*Extracted entries*.
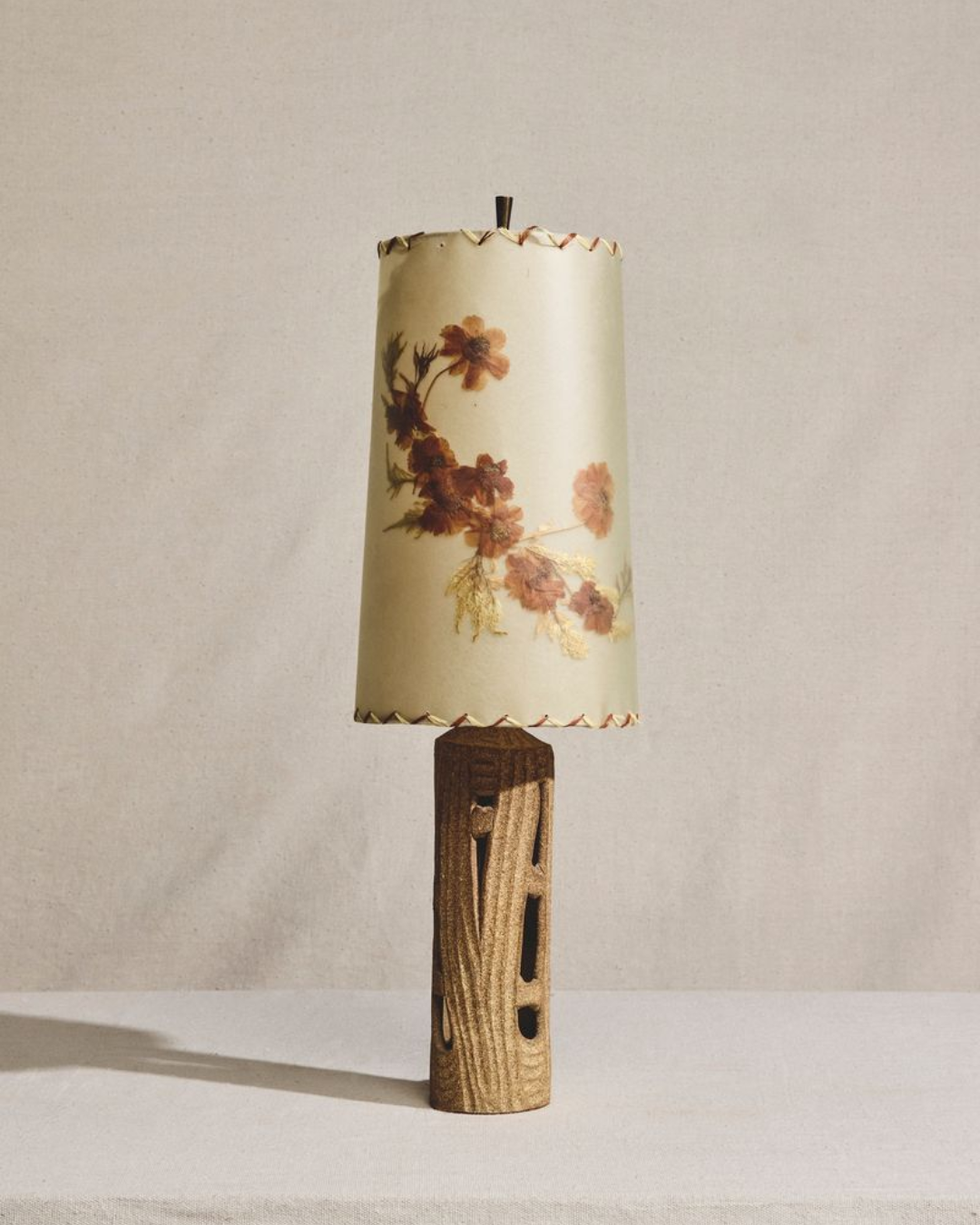 Mid Century Modern table lamp featuring a hand-carved ceramic base with a textured, geometric surface and natural tonal variation. Paired with a cylindrical fabric shade decorated with a floral motif and finished with stitched edging along the top and bottom. Wear consistent with age.
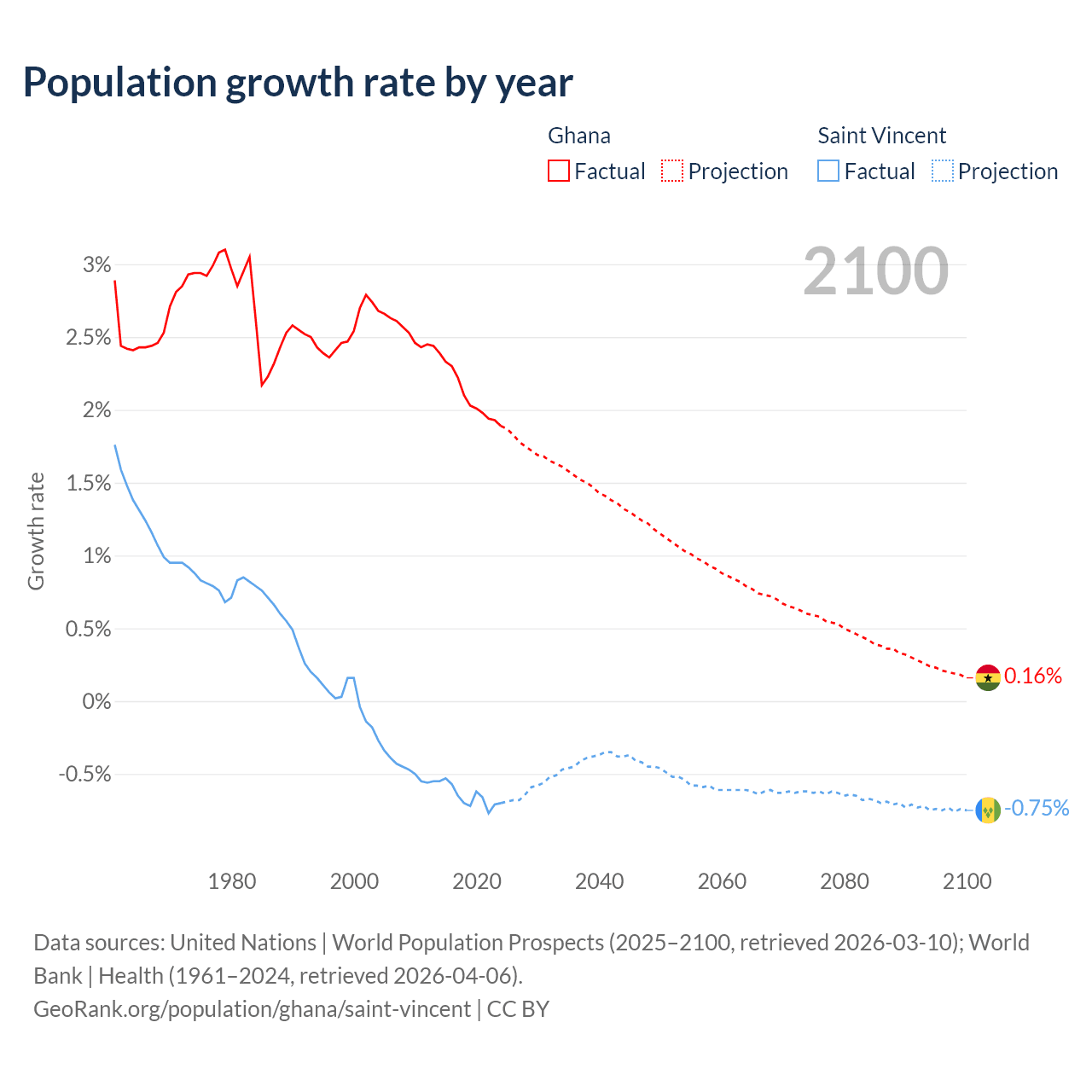 - For the last 10 years, Ghana has had an average growth rate of +2.1% per year vs -0.65% in Saint Vincent.
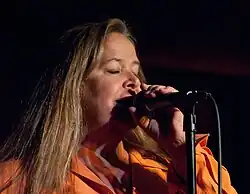 In July 2015, Nelson sang at an "all-star" concert in Nashville, organized by the Country Music Hall of Fame and Museum, to celebrate the Dylan, Cash, and the Nashville Cats: A New Music City exhibition and compilation-album release.[18] She also wrote the introduction in the album booklet, outlining the shared influence between country and rock music over the 1960s and 1970s.[19] On October 2, 2016, Nelson sang with Mariachi Mestizo at Hardly Strictly Bluegrass in San Francisco.[20][21] From 2016 into 2018, Nelson performed intermittently with Missouri band the Bel Airs.[22][23][24][25] Since 2018 Nelson has occasionally performed with Corky Siegel's Chamber Blues, of Chicago, as of 2021.[26][27][28]
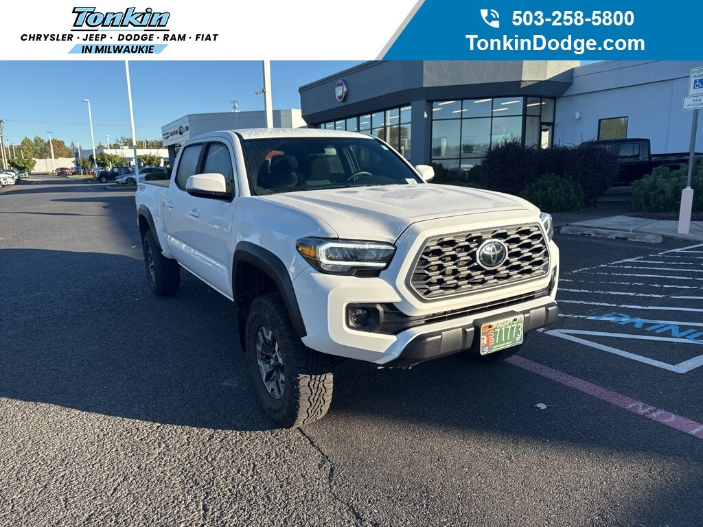 Recent Arrival! CARFAX One-Owner. Clean CARFAX. 2023 Toyota Tacoma V6 3.5L V6 6-Speed Automatic 4WD 4D Double Cab Ice Cap 4WD, 120V/400W Deck Mounted AC Power, Black Overfenders, Engine Immobilizer, TRD Off Road Package, 6 Speakers, ABS brakes, Air Conditioning, AM/FM radio: SiriusXM, Anti-whiplash front head restraints, Apple CarPlay/Android Auto, Auto High-beam Headlights, Auto-dimming Rear-View mirror, Automatic temperature control, Axle Ratio: 3.91, Brake assist, Bumpers: body-color, Custom Fuel Wheels and Off-Road Tires, Driver door bin, Dual front impact airbags, Dual front side impact airbags, Electronic Stability Control, Emergency communication system: Safety Connect (1-year trial), Exterior Parking Camera Rear, Fabric Seat Trim, Front anti-roll bar, Front Bucket Seats, Front Center Armrest, Front dual zone A/C, Front fog lights, Front reading lights, Front Seats, Front wheel independent suspension, Heated door mirrors, Illuminated entry, Knee airbag, Leather Shift Knob, Low tire pressure warning, Occupant sensing airbag, Outside temperature display, Overhead airbag, Overhead console, Panic alarm, Passenger door bin, Power door mirrors, Power driver seat, Power steering, Power windows, Radio: Audio, Rear step bumper, Remote keyless entry, Security system, Speed control, Speed-sensing steering, Split folding rear seat, Steering wheel mounted audio controls, Tachometer, Telescoping steering wheel, Tilt steering wheel, Traction control, Trip computer, Turn signal indicator mirrors, Variably intermittent wipers, Wheels: 16" Machined Contrast Alloy, Long Bed, 4WD, 120V/400W Deck Mounted AC Power, Black Overfenders, Engine Immobilizer, TRD Off Road Package. ***Call (503) 258-5800 to speak to a Sales Professional*** Come in to Ron Tonkin Chrysler Jeep Dodge Ram Fiat in Milwaukie to test drive today! DL0087.
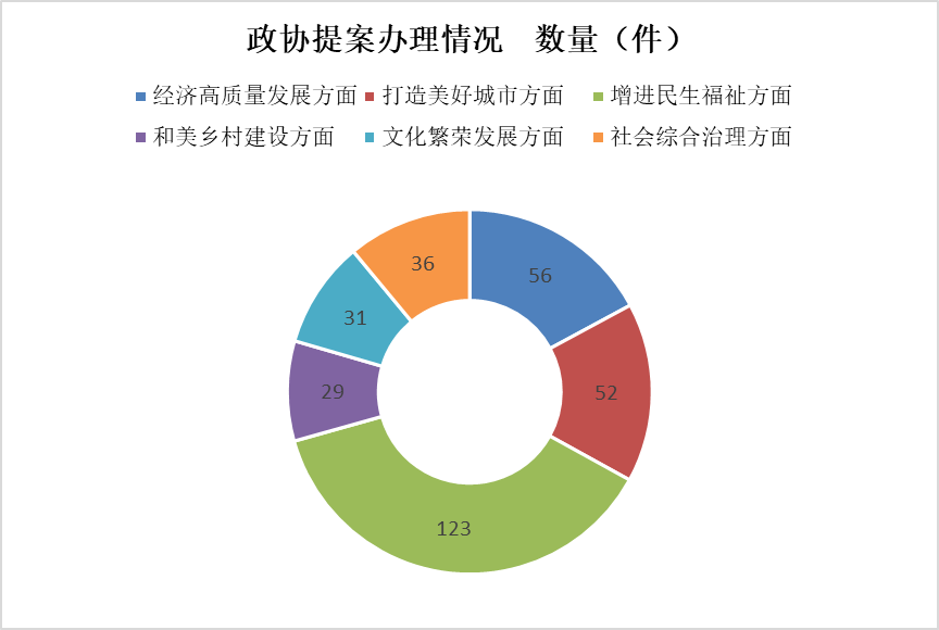 区政协十届三次会议以来,区政府负责承办的提案共计327件。其中,经济高质量发展方面56件,占17%;打造美好城市方面52件,占16%;增进民生福祉方面123件,占37%;和美乡村建设方面29件,占9%;文化繁荣发展方面31件,占10%;社会综合治理方面36件,占11%。经过区政府各承办单位的共同努力,全部提案已按规定时限办理面复完毕。
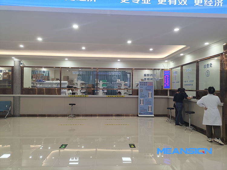 在導診臺,醫院大廳,安裝門診綜合屏,實時顯示所有診室的排隊情況,當前就診患者信息,等待就診排隊列表信息。語音廣播同步呼叫,提醒患者前往就診,同時還應用到檢驗室、藥房取藥窗口、繳費窗口等。
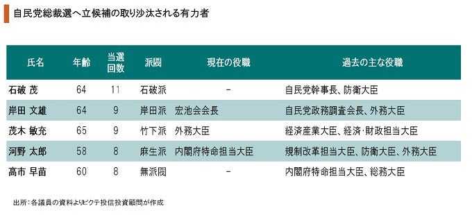 3人以上の有力候補が立つ場合、票が分散化され決選投票になるだろう。その場合、党員投票は行われないため、国会議員の動向を左右する派閥の影響力が強まる。最大派閥を実質的に率いる安倍前首相が河野大臣、石破氏を支持することは考え難い。高市氏が決選投票に進めず、岸田氏が勝ち残れば、同前首相は岸田氏を推す意向なのではないか。
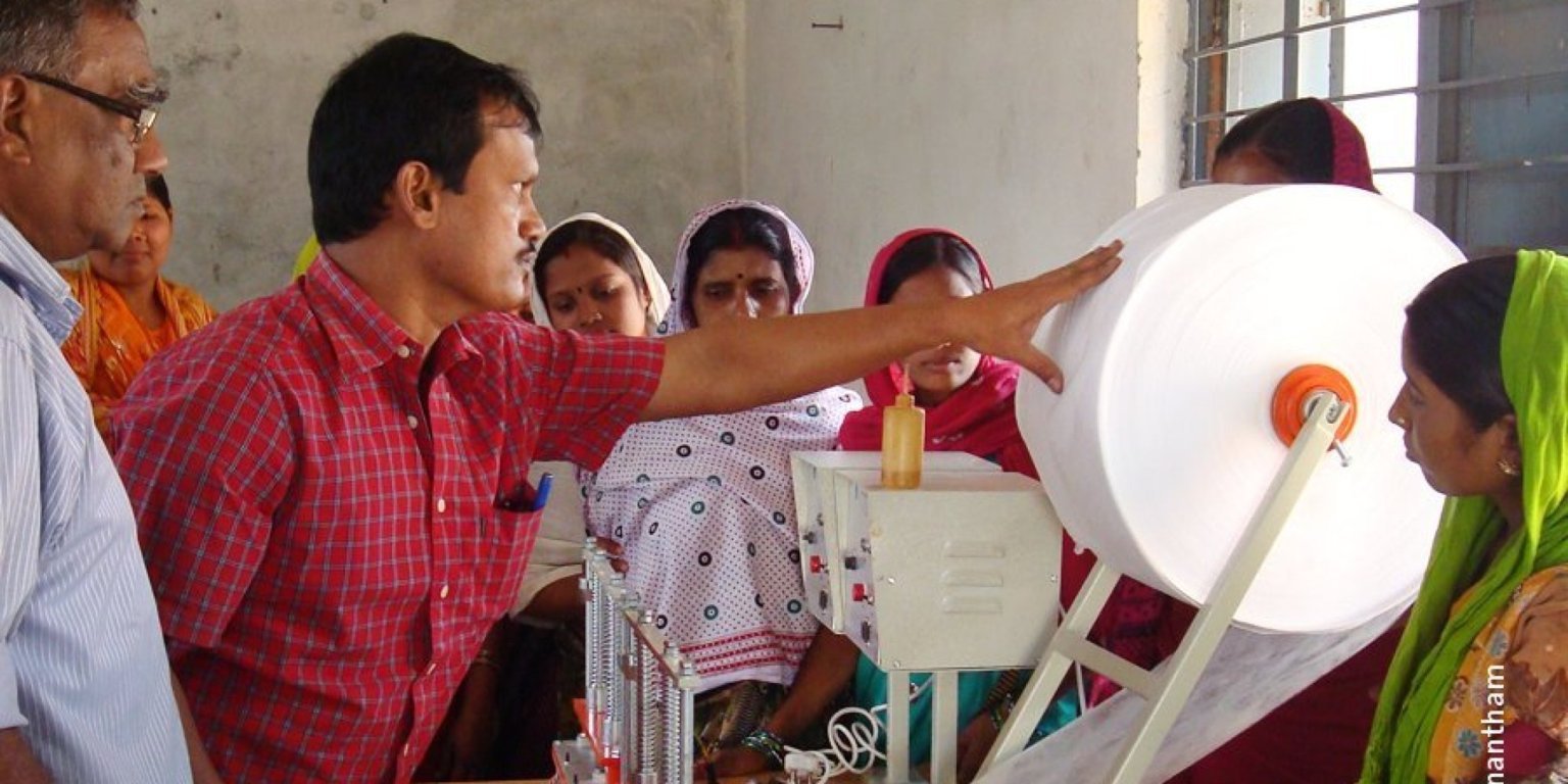 His breakthrough came in 2009 when he won an award from India’s National Innovation Foundation – which supports grassroots technological initiatives – to make and distribute machines for the manufacture of sanitary towels in rural communities. The machines are operated by local women in each area, which provides much-needed employment while also spreading awareness about menstrual hygiene. More than 600 machines have already been distributed in 23 states.
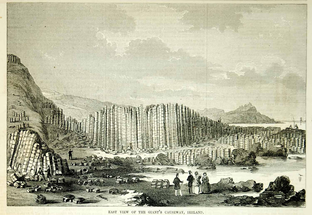 1854 Wood Engraving Giant's Causeway Ireland UNESCO World Heritage Site Basalt
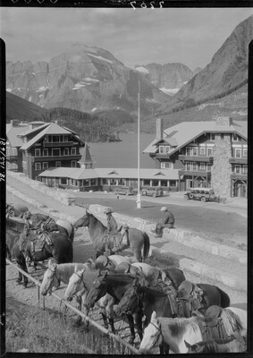 [Saddled horses at Glacier Park Lodge]
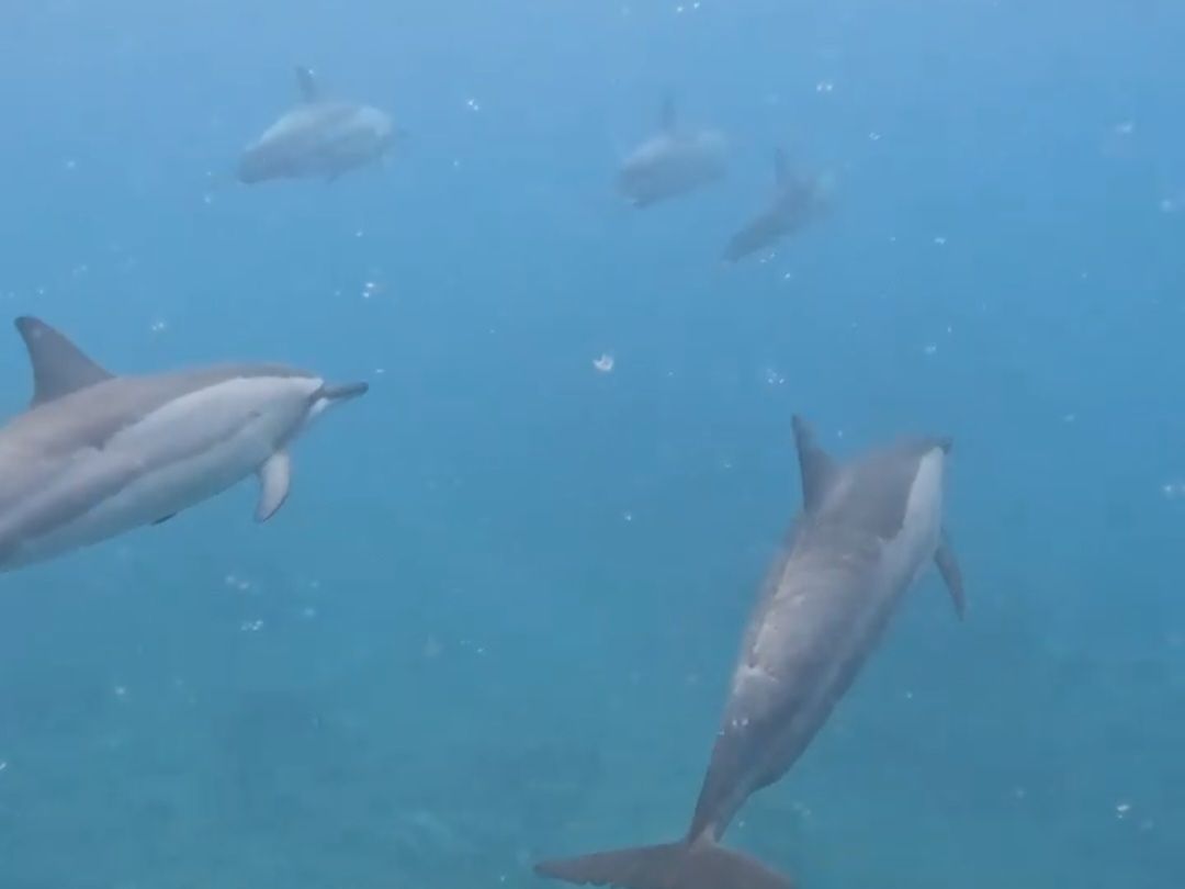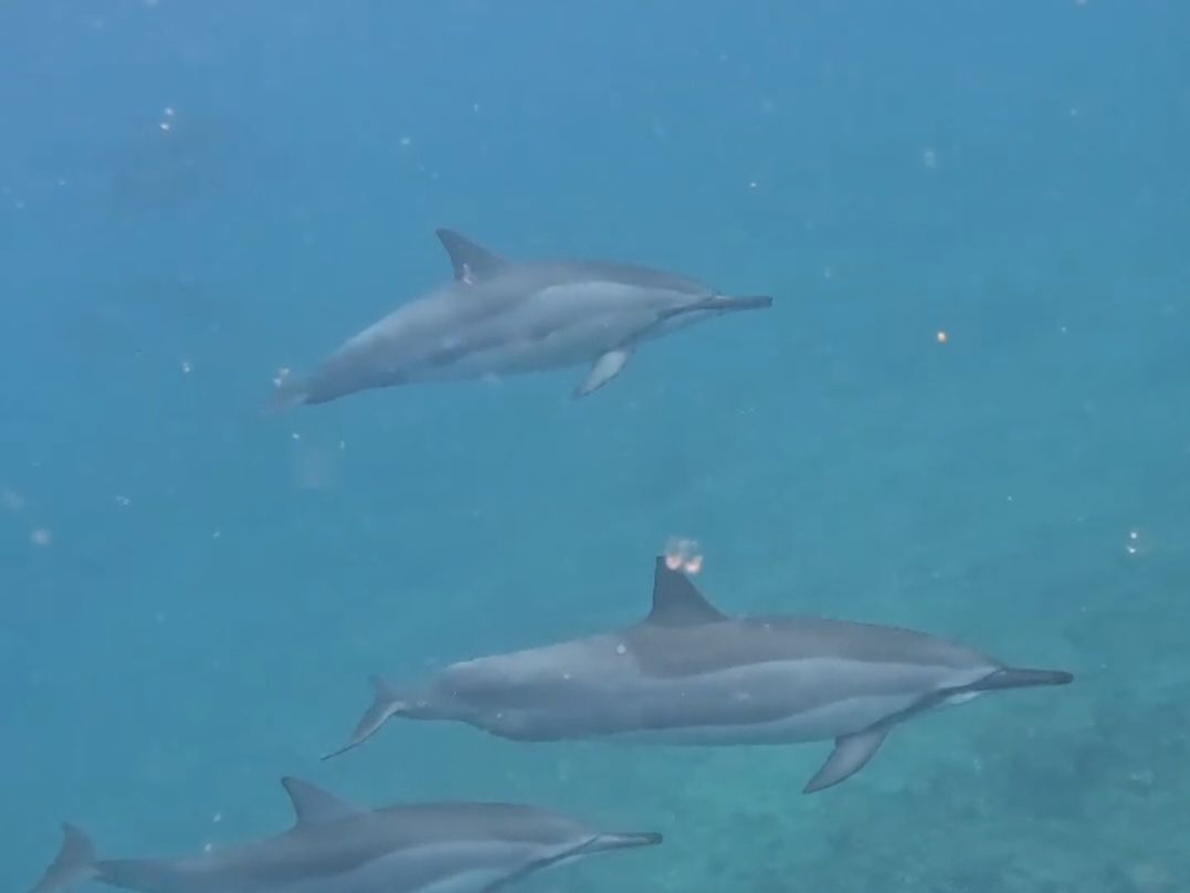 イルカ※私は水中では、間に合わなかったのですが、船の上から群れを確認することができました。

*What you should do*.
Start at the first line of the records and write out everything up to and including the line containing "- For the last". No pictures.

*Answer to this task*.
 Mid Century Modern table lamp featuring a hand-carved ceramic base with a textured, geometric surface and natural tonal variation. Paired with a cylindrical fabric shade decorated with a floral motif and finished with stitched edging along the top and bottom. Wear consistent with age.
 - For the last 10 years, Ghana has had an average growth rate of +2.1% per year vs -0.65% in Saint Vincent.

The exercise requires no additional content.